== Task objective ==
Look through the listing below for the line with "L-Arginine is 1" and the line with "选择台词框选项栏中云形思考台词框,绘制出云形思考台词框。". Copy both, along with every line between them, exactly and with no pictures.

[Start of section]

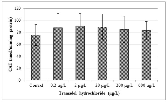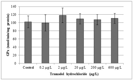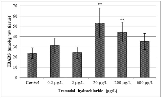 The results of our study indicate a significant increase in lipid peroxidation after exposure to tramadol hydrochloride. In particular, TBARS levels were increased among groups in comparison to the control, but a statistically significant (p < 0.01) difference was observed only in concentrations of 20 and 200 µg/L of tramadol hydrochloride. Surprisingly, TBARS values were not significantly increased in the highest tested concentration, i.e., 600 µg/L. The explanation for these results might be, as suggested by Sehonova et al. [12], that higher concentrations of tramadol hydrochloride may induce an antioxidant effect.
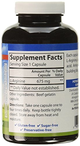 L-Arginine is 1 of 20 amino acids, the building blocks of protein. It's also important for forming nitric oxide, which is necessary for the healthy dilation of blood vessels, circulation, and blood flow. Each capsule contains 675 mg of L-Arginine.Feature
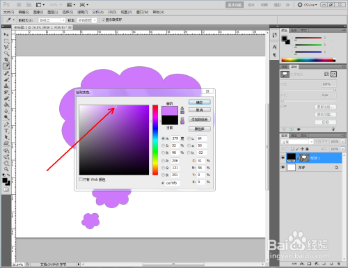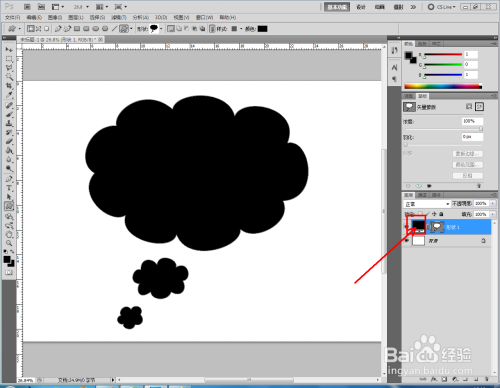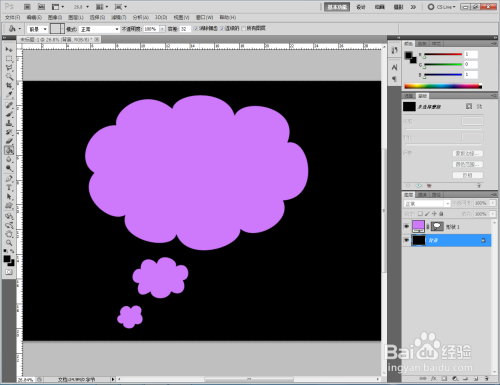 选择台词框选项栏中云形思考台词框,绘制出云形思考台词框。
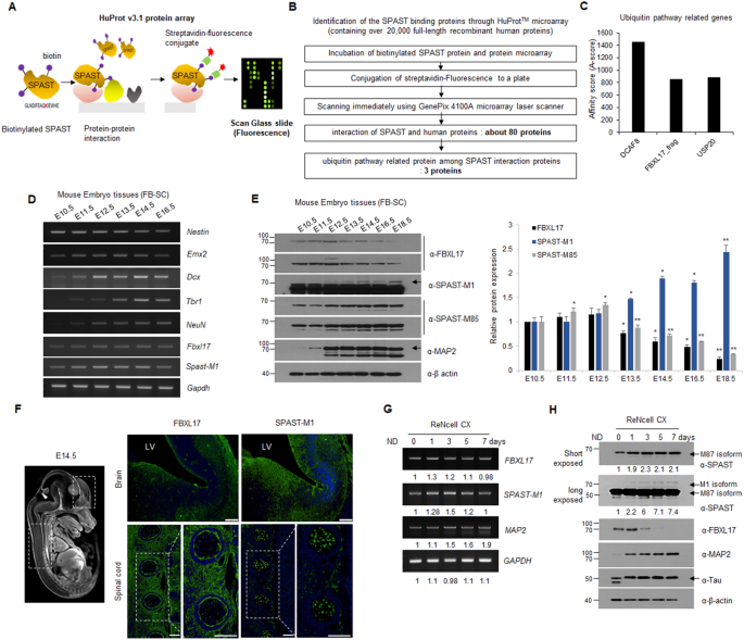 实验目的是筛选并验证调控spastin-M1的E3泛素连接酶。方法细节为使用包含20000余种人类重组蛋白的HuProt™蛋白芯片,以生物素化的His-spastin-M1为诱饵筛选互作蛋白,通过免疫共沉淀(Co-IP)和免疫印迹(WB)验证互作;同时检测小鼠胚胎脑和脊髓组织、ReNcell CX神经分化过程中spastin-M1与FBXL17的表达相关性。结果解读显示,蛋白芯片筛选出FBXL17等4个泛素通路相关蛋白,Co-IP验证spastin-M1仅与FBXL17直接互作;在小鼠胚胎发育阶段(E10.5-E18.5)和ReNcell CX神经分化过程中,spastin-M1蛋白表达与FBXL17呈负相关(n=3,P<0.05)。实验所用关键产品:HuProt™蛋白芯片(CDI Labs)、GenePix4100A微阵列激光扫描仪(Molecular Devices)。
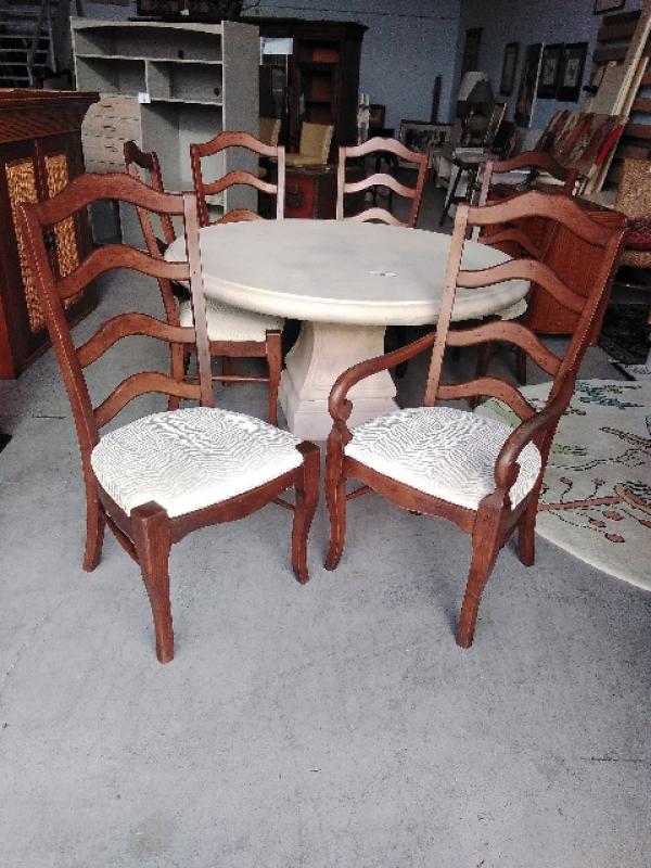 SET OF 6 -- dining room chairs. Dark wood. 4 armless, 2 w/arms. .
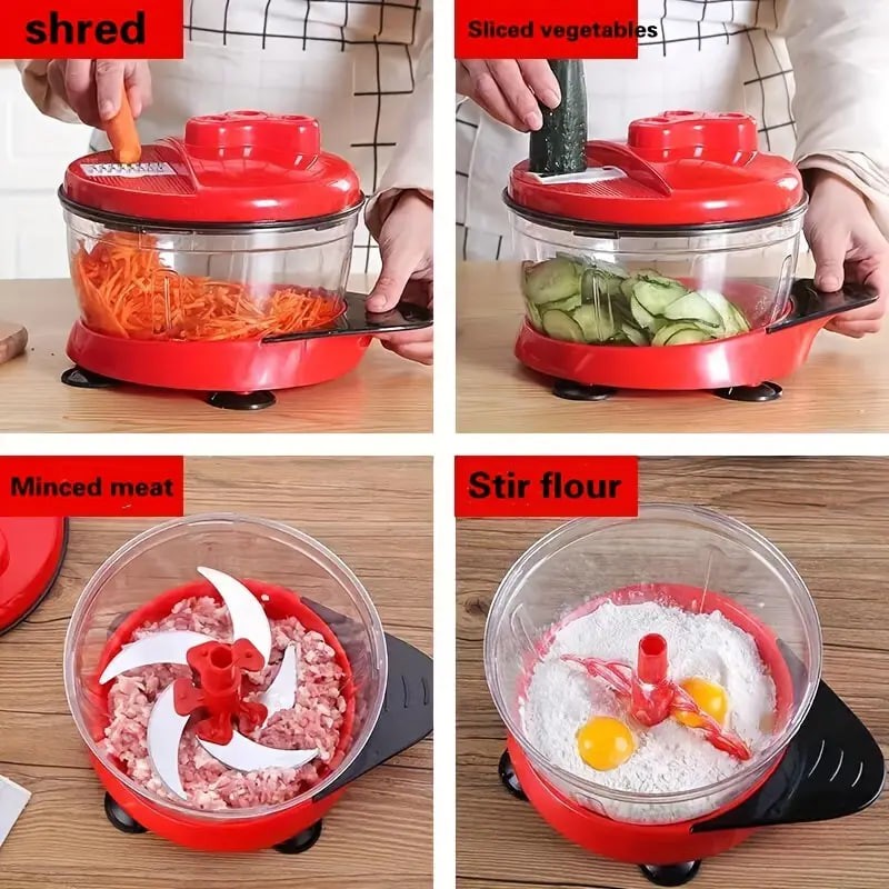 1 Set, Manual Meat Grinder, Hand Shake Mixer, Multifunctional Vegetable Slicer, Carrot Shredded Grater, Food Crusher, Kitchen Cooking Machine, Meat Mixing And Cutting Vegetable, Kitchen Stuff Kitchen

[End of section]

== Response area ==
 L-Arginine is 1 of 20 amino acids, the building blocks of protein. It's also important for forming nitric oxide, which is necessary for the healthy dilation of blood vessels, circulation, and blood flow. Each capsule contains 675 mg of L-Arginine.Feature
 选择台词框选项栏中云形思考台词框,绘制出云形思考台词框。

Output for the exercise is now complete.